By Mauro Orru 
 

Galp said Monday that some 650 million euros ($692 million) would be invested in two large-scale projects in Portugal to reduce the carbon footprint of the Sines refinery and its products.

The Portuguese energy company said about EUR400 million would go toward an advanced biofuels unit that Galp is creating in a joint venture with Japan's Mitsui & Co., with the remaining amount allocated to a green hydrogen unit.

The joint venture, in which Galp holds a 75% stake, will invest in the advanced biofuels unit that will use waste residues to produce renewable diesel such as hydrotreated vegetable oil, and sustainable aviation fuel.

Separately, Galp will invest to develop a 100-megawatt electrolysis plant to produce renewable hydrogen.

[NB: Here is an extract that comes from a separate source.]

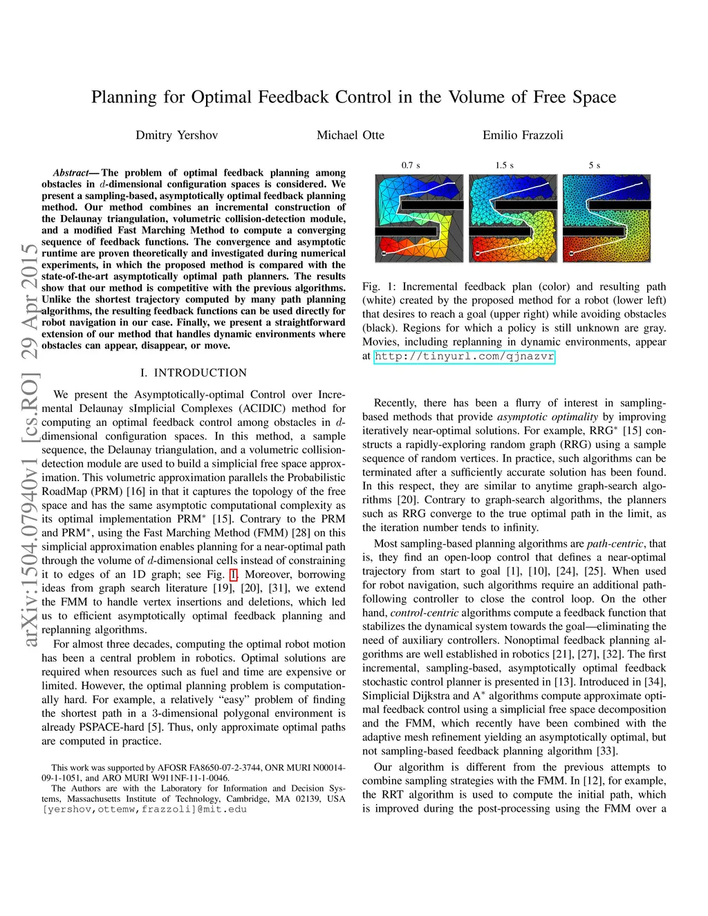 The problem of optimal feedback planning among obstacles in d-dimensional configuration spaces is considered. We present a sampling-based, asymptotically optimal feedback planning method. Our method combines an incremental construction of the Delaunay triangulation, volumetric collision-detection module, and a modified Fast Marching Method to compute a converging sequence of feedback functions. The convergence and asymptotic runtime are proven theoretically and investigated during numerical experiments, in which the proposed method is compared with the state-of-the-art asymptotically optimal path planners. The results show that our method is competitive with the previous algorithms. Unlike the shortest trajectory computed by many path planning algorithms, the resulting feedback functions can be used directly for robot navigation in our case. Finally, we present a straightforward extension of our method that handles dynamic environments where obstacles can appear, disappear, or move.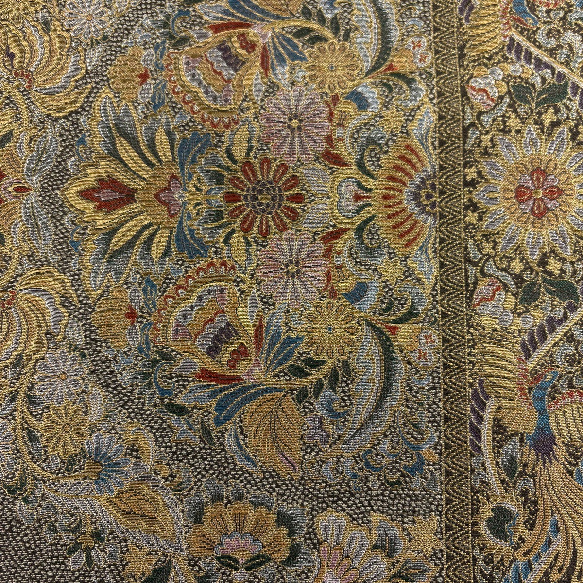 袋帯 秀品 関西仕立て 笠松 草花 唐織 金銀糸 黒 六通 正絹

"These investment decisions were made on the expectation that the fiscal and regulatory developments in Portugal will not hinder the success of such large-scale projects, ensuring that our industrial operations remain long-term competitive in a global playing field," said Galp Chair Paula Amorim.

 

Write to Mauro Orru at mauro.orru@wsj.com; @MauroOrru94

 

(END) Dow Jones Newswires

September 25, 2023 03:17 ET (07:17 GMT)

Copyright (c) 2023 Dow Jones & Company, Inc.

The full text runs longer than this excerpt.